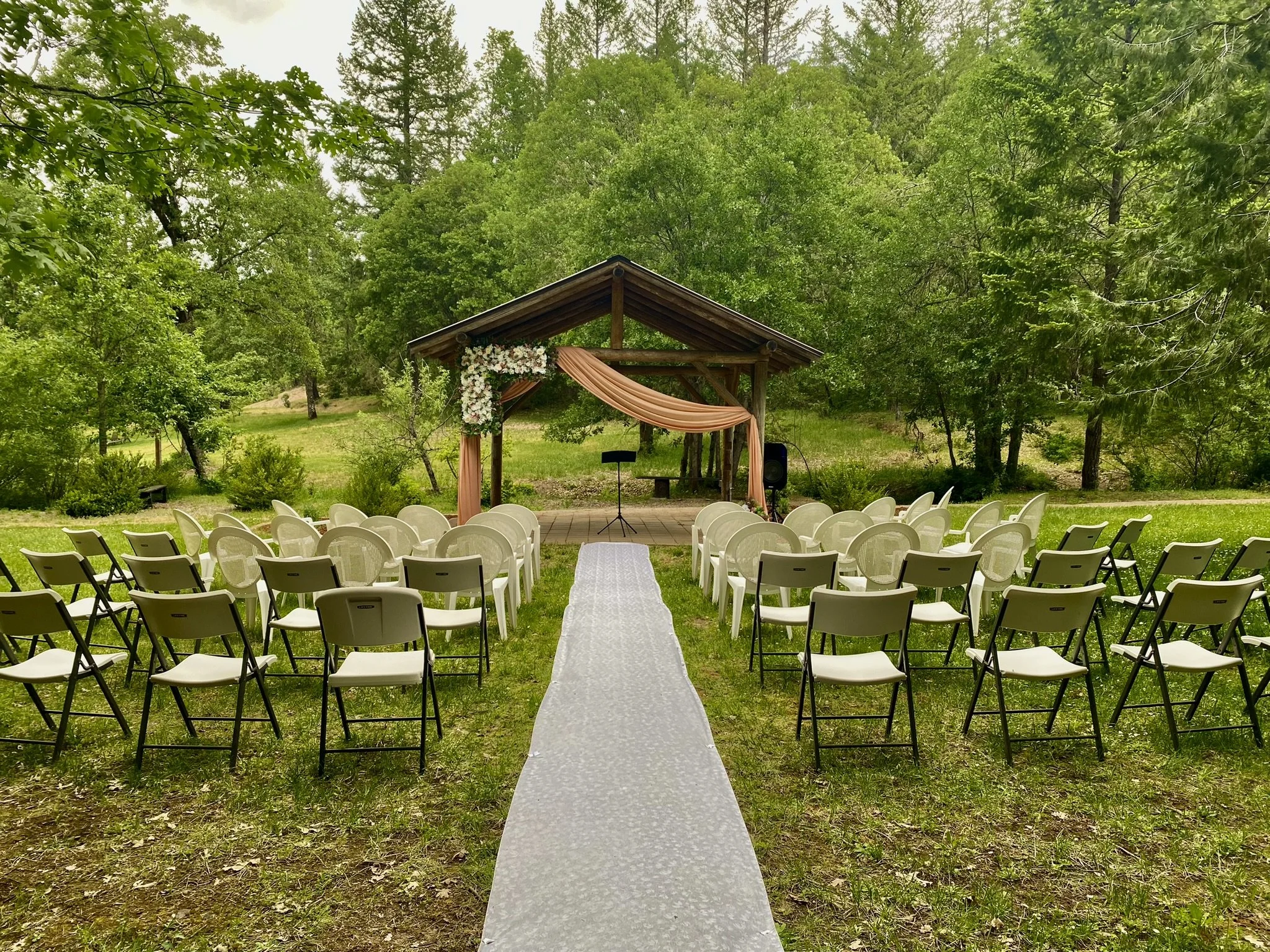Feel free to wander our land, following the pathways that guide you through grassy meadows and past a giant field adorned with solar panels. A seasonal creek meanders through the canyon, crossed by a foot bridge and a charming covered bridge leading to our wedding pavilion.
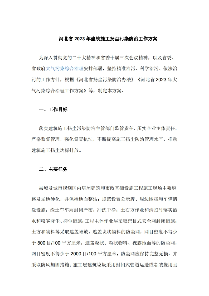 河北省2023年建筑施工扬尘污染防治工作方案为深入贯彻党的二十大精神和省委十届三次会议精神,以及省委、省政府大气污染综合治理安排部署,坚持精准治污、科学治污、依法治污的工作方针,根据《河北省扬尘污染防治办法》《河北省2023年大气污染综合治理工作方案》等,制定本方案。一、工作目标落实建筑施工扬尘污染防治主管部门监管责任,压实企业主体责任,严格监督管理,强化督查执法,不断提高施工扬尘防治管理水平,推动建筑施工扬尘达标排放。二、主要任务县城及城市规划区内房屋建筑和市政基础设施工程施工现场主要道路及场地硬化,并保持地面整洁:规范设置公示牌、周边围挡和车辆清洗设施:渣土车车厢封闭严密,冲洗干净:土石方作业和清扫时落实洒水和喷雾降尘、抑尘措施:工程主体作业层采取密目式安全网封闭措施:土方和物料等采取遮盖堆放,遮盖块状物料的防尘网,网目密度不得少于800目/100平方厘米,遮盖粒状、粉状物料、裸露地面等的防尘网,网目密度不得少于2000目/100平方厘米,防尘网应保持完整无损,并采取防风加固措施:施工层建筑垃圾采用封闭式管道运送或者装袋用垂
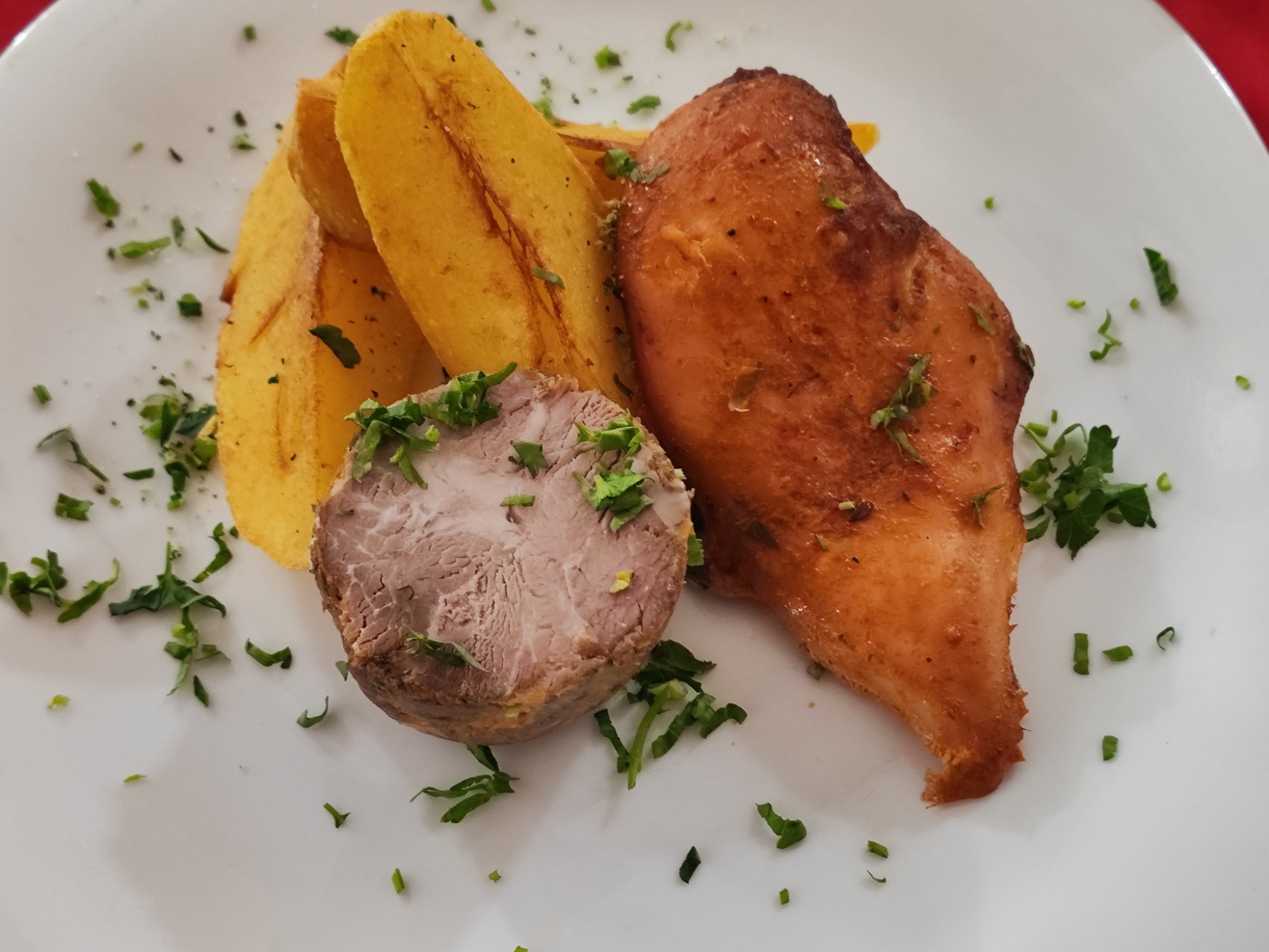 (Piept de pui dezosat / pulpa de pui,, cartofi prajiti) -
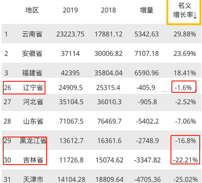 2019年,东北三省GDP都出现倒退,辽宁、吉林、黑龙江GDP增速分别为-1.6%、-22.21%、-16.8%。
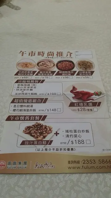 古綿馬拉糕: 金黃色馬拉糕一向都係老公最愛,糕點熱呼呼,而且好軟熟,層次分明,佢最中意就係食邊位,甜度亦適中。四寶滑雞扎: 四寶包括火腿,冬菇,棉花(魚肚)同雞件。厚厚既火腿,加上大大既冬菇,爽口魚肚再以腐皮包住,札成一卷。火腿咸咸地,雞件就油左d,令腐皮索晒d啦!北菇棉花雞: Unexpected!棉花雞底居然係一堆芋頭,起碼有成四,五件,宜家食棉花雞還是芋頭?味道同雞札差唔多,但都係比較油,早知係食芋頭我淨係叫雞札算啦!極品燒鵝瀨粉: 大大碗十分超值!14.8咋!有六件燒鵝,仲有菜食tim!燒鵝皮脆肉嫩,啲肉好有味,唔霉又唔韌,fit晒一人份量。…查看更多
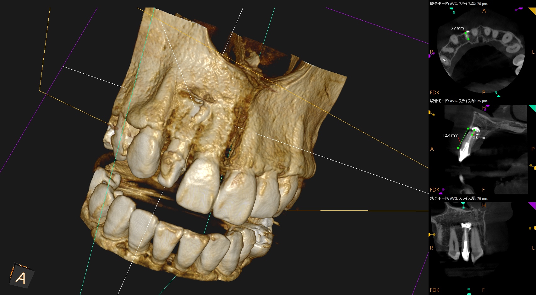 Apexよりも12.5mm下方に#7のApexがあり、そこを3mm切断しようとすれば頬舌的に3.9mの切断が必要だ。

==*==

WORK TO BE COMPLETED: Write out every line above again exactly, with the pictures left out.

THE ANSWER:
Feel free to wander our land, following the pathways that guide you through grassy meadows and past a giant field adorned with solar panels. A seasonal creek meanders through the canyon, crossed by a foot bridge and a charming covered bridge leading to our wedding pavilion.
 河北省2023年建筑施工扬尘污染防治工作方案为深入贯彻党的二十大精神和省委十届三次会议精神,以及省委、省政府大气污染综合治理安排部署,坚持精准治污、科学治污、依法治污的工作方针,根据《河北省扬尘污染防治办法》《河北省2023年大气污染综合治理工作方案》等,制定本方案。一、工作目标落实建筑施工扬尘污染防治主管部门监管责任,压实企业主体责任,严格监督管理,强化督查执法,不断提高施工扬尘防治管理水平,推动建筑施工扬尘达标排放。二、主要任务县城及城市规划区内房屋建筑和市政基础设施工程施工现场主要道路及场地硬化,并保持地面整洁:规范设置公示牌、周边围挡和车辆清洗设施:渣土车车厢封闭严密,冲洗干净:土石方作业和清扫时落实洒水和喷雾降尘、抑尘措施:工程主体作业层采取密目式安全网封闭措施:土方和物料等采取遮盖堆放,遮盖块状物料的防尘网,网目密度不得少于800目/100平方厘米,遮盖粒状、粉状物料、裸露地面等的防尘网,网目密度不得少于2000目/100平方厘米,防尘网应保持完整无损,并采取防风加固措施:施工层建筑垃圾采用封闭式管道运送或者装袋用垂
 (Piept de pui dezosat / pulpa de pui,, cartofi prajiti) -
 2019年,东北三省GDP都出现倒退,辽宁、吉林、黑龙江GDP增速分别为-1.6%、-22.21%、-16.8%。
 古綿馬拉糕: 金黃色馬拉糕一向都係老公最愛,糕點熱呼呼,而且好軟熟,層次分明,佢最中意就係食邊位,甜度亦適中。四寶滑雞扎: 四寶包括火腿,冬菇,棉花(魚肚)同雞件。厚厚既火腿,加上大大既冬菇,爽口魚肚再以腐皮包住,札成一卷。火腿咸咸地,雞件就油左d,令腐皮索晒d啦!北菇棉花雞: Unexpected!棉花雞底居然係一堆芋頭,起碼有成四,五件,宜家食棉花雞還是芋頭?味道同雞札差唔多,但都係比較油,早知係食芋頭我淨係叫雞札算啦!極品燒鵝瀨粉: 大大碗十分超值!14.8咋!有六件燒鵝,仲有菜食tim!燒鵝皮脆肉嫩,啲肉好有味,唔霉又唔韌,fit晒一人份量。…查看更多
 Apexよりも12.5mm下方に#7のApexがあり、そこを3mm切断しようとすれば頬舌的に3.9mの切断が必要だ。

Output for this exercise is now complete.